[The task]: Below are the records; repeat exactly their lines between the line holding "当日上午,中印边境乃堆拉山口" and the line holding "MARKS & SPENCER", inclusive, skipping the pictures.

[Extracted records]
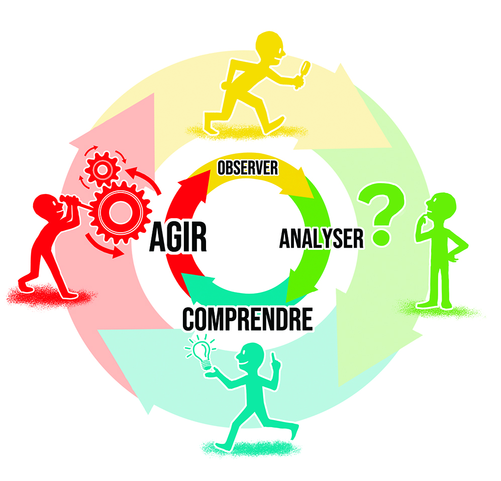 Dans la vie, une fois s’être fixé un objectif qui fait sens, on se résout à agir après avoir déterminé une intention. Agir est le premier verbe d’action. Lorsqu’on agit, on influence un résultat qu’il convient d’observer, c’est le second verbe d’action. On compare le résultat de l’action avec notre intention première. Cette comparaison conduit à analyser l’efficacité de l’action entreprise au regard de l’intention. Analyser est le troisième verbe d’action. L’analyse sert à comprendre les raisons pour lesquelles l’action n’a pas contribué à atteindre l’objectif et satisfaire l’intention. Comprendre est le quatrième verbe d’action. La compréhension amène ensuite à modifier la première action pour se rapprocher de l’objectif par dichotomie, un coup trop long, un coup trop court et ainsi de suite, jusqu’à « un coup dans le mille ! » Le processus de progrès continu est donc observer, analyser, comprendre, agir, mais agir avec intention. Toujours ! Conscientiser ce processus améliore grandement la formulation de ses intentions.
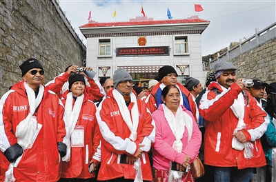 当日上午,中印边境乃堆拉山口迎来首批印度官方香客,标志着印度香客进藏朝圣新线路正式开通。这批香客将前往西藏阿里地区冈仁波齐峰和玛旁雍错湖,开展为期12天的朝圣之旅。
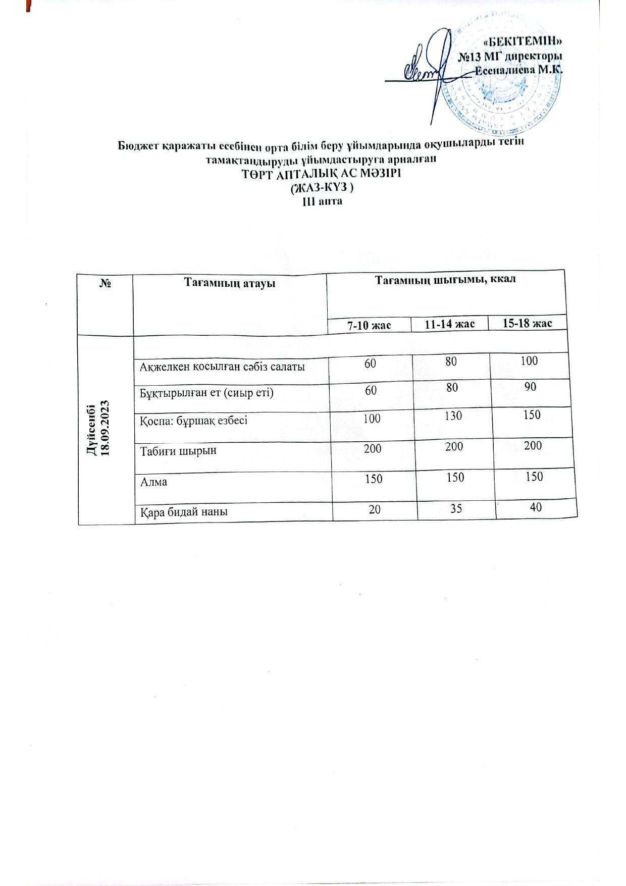 Меню 18.09.2023 » КГУ «Школа-гимназия №13» УО города Алматы
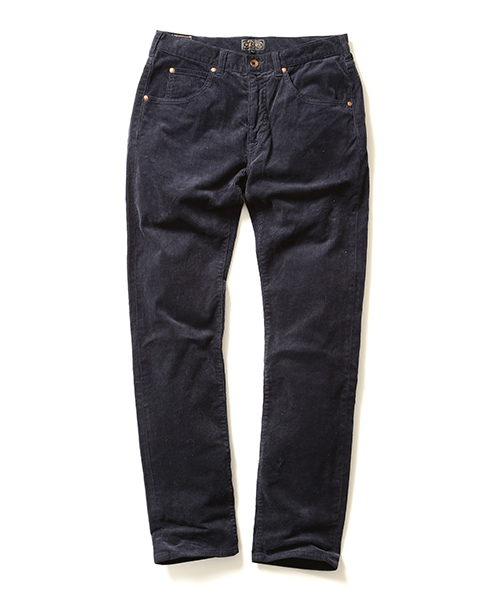定番のコーデュロイパンツです 14ウェールの細うねストレッチコーデュロイ素材を使用したパンツです。全体的にすっきりしたスリムシルエットは年代を超えたスタンダードアイテムです。通常より2本多いベルトループやバックポケットのカン留めは、ロデオブランドのなごりでもあります。
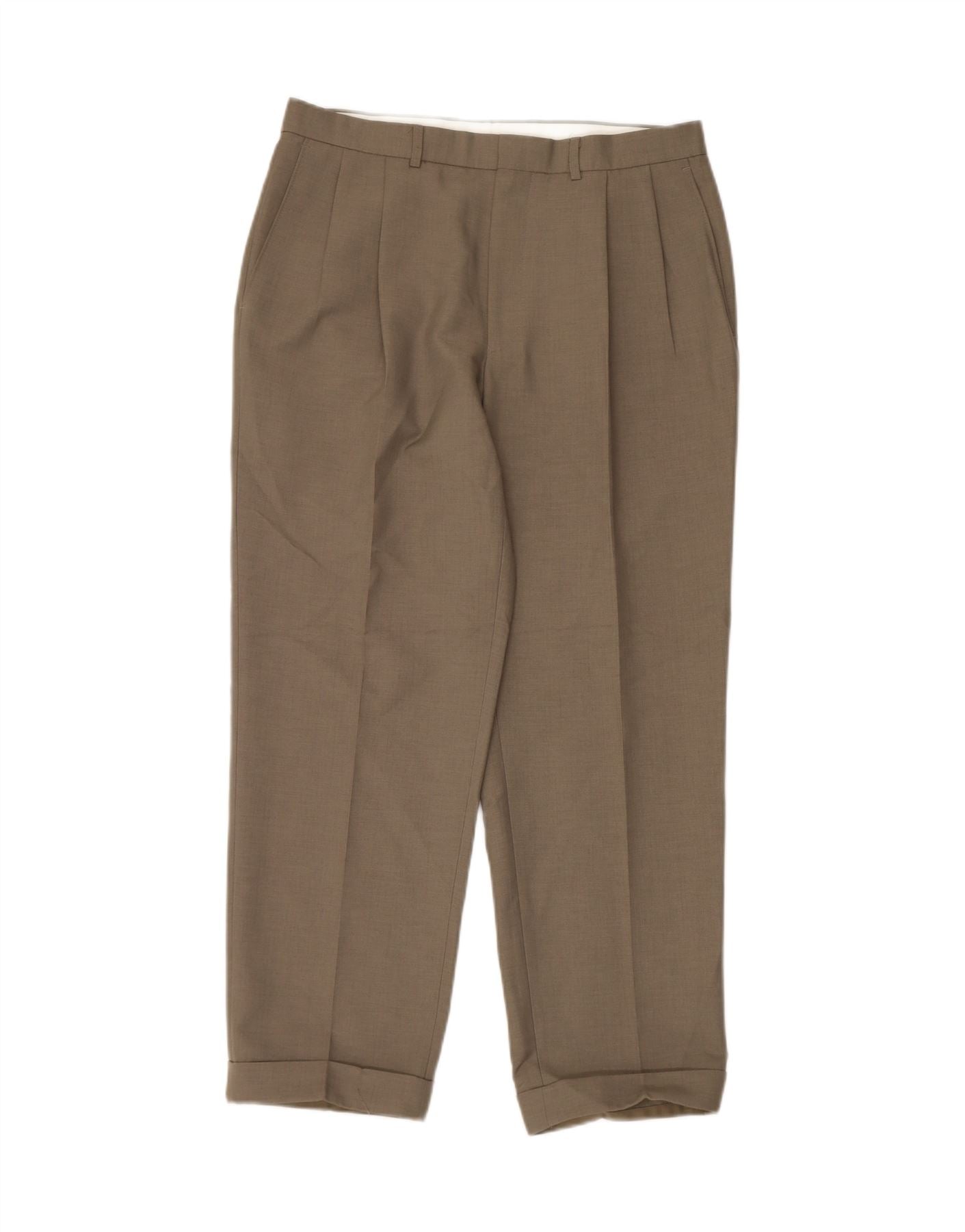MARKS & SPENCER Mens Pegged Suit Trousers W34 L29 Beige Polyester
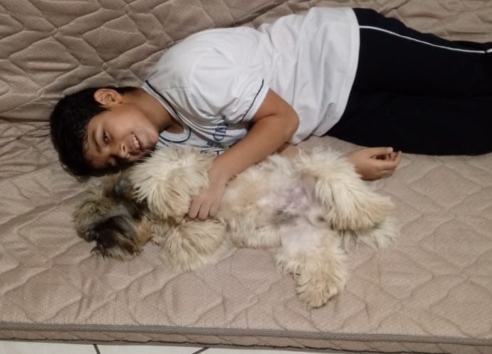 Responde pelo nome de Aaron, é da raça shih tzu.

[Solution]:
 当日上午,中印边境乃堆拉山口迎来首批印度官方香客,标志着印度香客进藏朝圣新线路正式开通。这批香客将前往西藏阿里地区冈仁波齐峰和玛旁雍错湖,开展为期12天的朝圣之旅。
 Меню 18.09.2023 » КГУ «Школа-гимназия №13» УО города Алматы
定番のコーデュロイパンツです 14ウェールの細うねストレッチコーデュロイ素材を使用したパンツです。全体的にすっきりしたスリムシルエットは年代を超えたスタンダードアイテムです。通常より2本多いベルトループやバックポケットのカン留めは、ロデオブランドのなごりでもあります。
MARKS & SPENCER Mens Pegged Suit Trousers W34 L29 Beige Polyester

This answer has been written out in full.